Bess always wore a rope of pearls in her portraits; in this one they are twisted around her neck, as dictated by the fashion of the time. Two interesting accessories are the enamelled link bracelets worn around the wrist."
Elizabethancostume.net describes the origins of the ruff, "The Elizabethan ruff began modestly enough. During the time of Henry VIII, Men's shirts and some women's smocks had a simple band around the neck, which was decorated with cutwork, blackwork, embroidery, pulled-thread work, and a variety of other treatments. Beginning in the 1550s, neckbands begin to show up in portraits sporting a small ruffle of gathered fabric, 1/4 an inch to 1/2 an inch wide in most pictures, around the top. During the same decade, women's partlets and fall-back collars also acquired a ruffle at the top; Katherine Parr's portrait shows one example of this. This ruffle, gathered or pleated, stayed relatively small during the 1550s.

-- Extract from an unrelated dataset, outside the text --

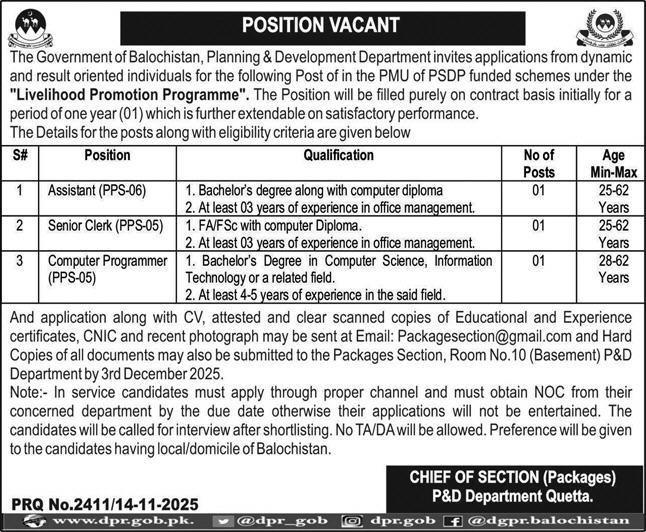 And application along with CV, attested and clear scanned copies of Educational and Experience certificates, CNIC and recent photograph may be sent at Email: Packagesection@gmail.com and Hard Copies of all documents may also be submitted to the Packages Section, Room No.10 (Basement) P&D Department by 3rd December 2025.

It was during the 1560s that the 'Elizabethan ruff' as we know it truly began to emerge. It was at first quite small in size, no more than an inch tall and an inch deep, and hugged the neck closely. At this point the ruff was still part of a smock, shirt, or partlet, and was pleated or gathered closely into the top edge of the neckband. In some cases the ruff formed even figure-eights; in others, the ruff curls were irregular in shape. Starch was unneccessary to create these ruffs, and they were for the most part of fine linen, undecorated save for a buttonhole-stitch edging in black or colored thread. Some portraits show two pleated ruffs on top of each other to provide greater height and full.
By 1568, there are many portraits which show the ruff as a definite costume accessory in its own right; still relatively small, but in more fashionable circles it began to increase in height, breadth and depth, not to mention in decoration. A thin edging of lace was sometimes added to a ruff, as was cording, braid or piping of silk or metallic colors."